You could still work with this I, by just taking an all on the 1st axis:
In [58]: a[:,I.all(axis=0)]=2
In [59]: a
Out[59]:
array([[[ 1., 1., 1., 1., 1.],
[ 1., 1., 1., 1., 1.],
[ 1., 1., 2., 2., 1.],
[ 1., 1., 2., 2., 1.],
[ 1., 1., 1., 1., 1.]],
[[ 1., 1., 1., 1., 1.],
[ 1., 1., 1., 1., 1.],
[ 1., 1., 2., 2., 1.],
[ 1., 1., 2., 2., 1.],
[ 1., 1., 1., 1., 1.]],
[[ 1., 1., 1., 1., 1.],
[ 1., 1., 1., 1., 1.],
[ 1., 1., 2., 2., 1.],
[ 1., 1., 2., 2., 1.],
[ 1., 1., 1., 1., 1.]]])
Conceptually my answer is not that different from the accepted one. That reshapes the array into a 2d, so the matching can be done with a 1d [150,160,170]. Actually it is automatically reshaped to (1,3) which can be broadcast agains (25,3) array. Transposing and reshaping is a convenient way to standardize the format of problems like this, though it often isn't necessary.
It may help to split that last action up:
In [60]: J=I.all(axis=0)
In [61]: J
Out[61]:
array([[False, False, False, False, False],
[False, False, False, False, False],
[False, False, True, True, False],
[False, False, True, True, False],
[False, False, False, False, False]], dtype=bool)
In [62]: a[:, J] = 3
or use np.where to convert the boolean array to 2 list of indices:
In [73]: jj=np.where(J)
In [74]: jj
Out[74]: (array([2, 2, 3, 3], dtype=int32), array([2, 3, 2, 3], dtype=int32))

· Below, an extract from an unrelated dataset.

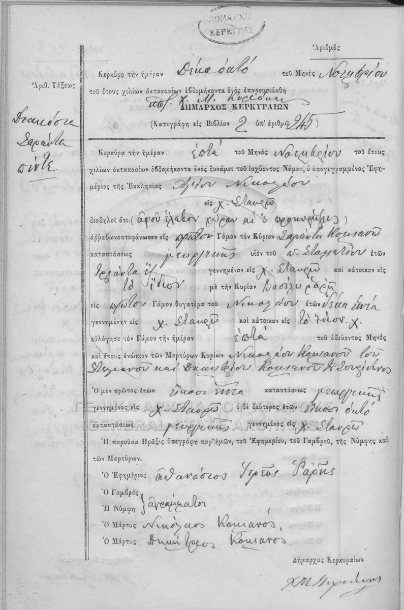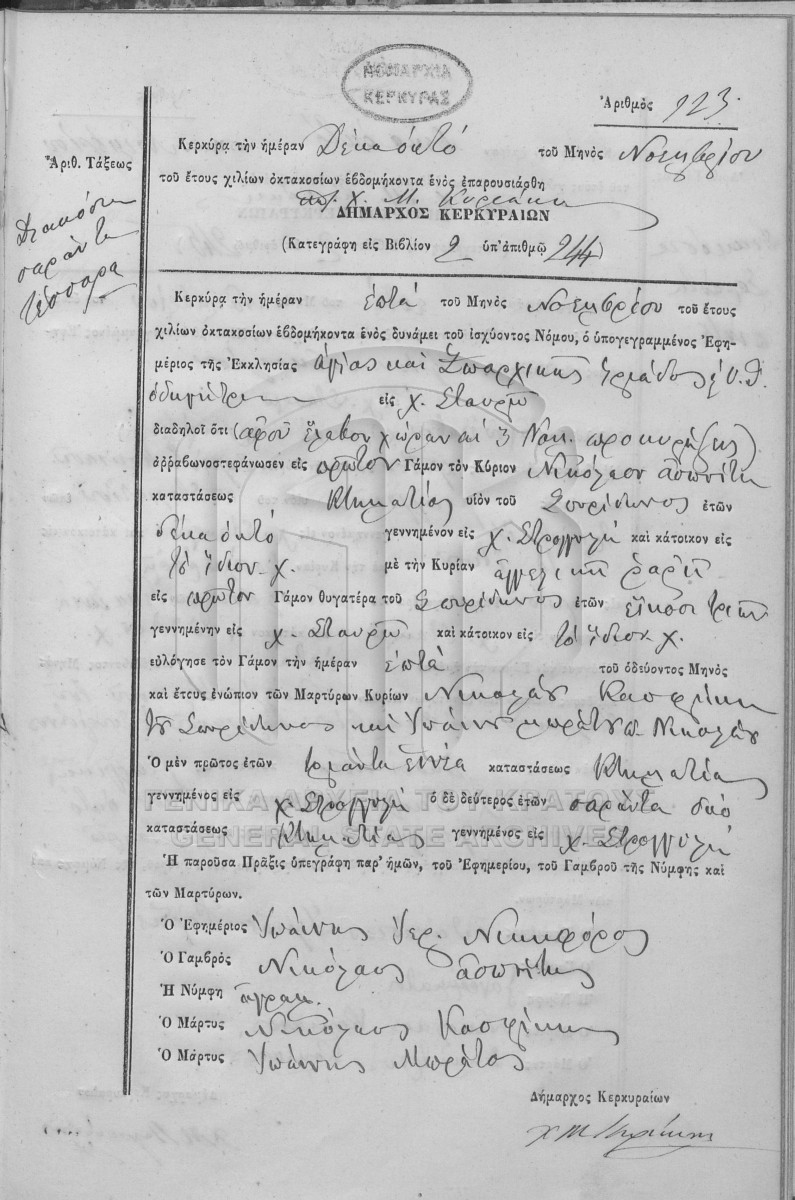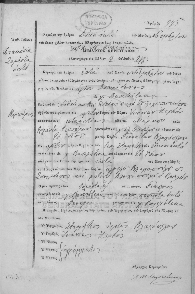 [Fonds] GRGSA-KER_REGM00 ΛΗΞΙΑΡΧΕΙΟ ΚΕΡΚΥΡΑΣ - Ληξιαρχικές Πράξεις Γάμων [1841 - 1932] Contents: Αριθμός πράξεων 1 - 324. |

In [75]: a[:, jj[0], jj[1]] = 4
a[:,jj] doesn't work, but a[(slice(None),)+jj] does. This last expression constructs a 3 element tuple, the equivalent to [75]'s.

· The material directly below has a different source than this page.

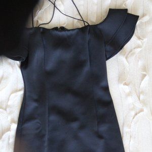 Guess black off the shoulder mini dress. The dress is brand new, never worn. The fabric is thick, soft, has some stretch and is not see-through at all. There is a zipper in the back. There is also a nice detail to this dress: criss-crossing straps around the neck area.

I could also expand J to a size and shape that matches a:
In [90]: K=J[None,...].repeat(3,0)
In [91]: K
Out[91]:
array([[[False, False, False, False, False],
[False, False, False, False, False],
[False, False, True, True, False],
[False, False, True, True, False],
[False, False, False, False, False]],
[[False, False, False, False, False],
....]], dtype=bool)
and use a[K].
[150,160,170]have to occur together.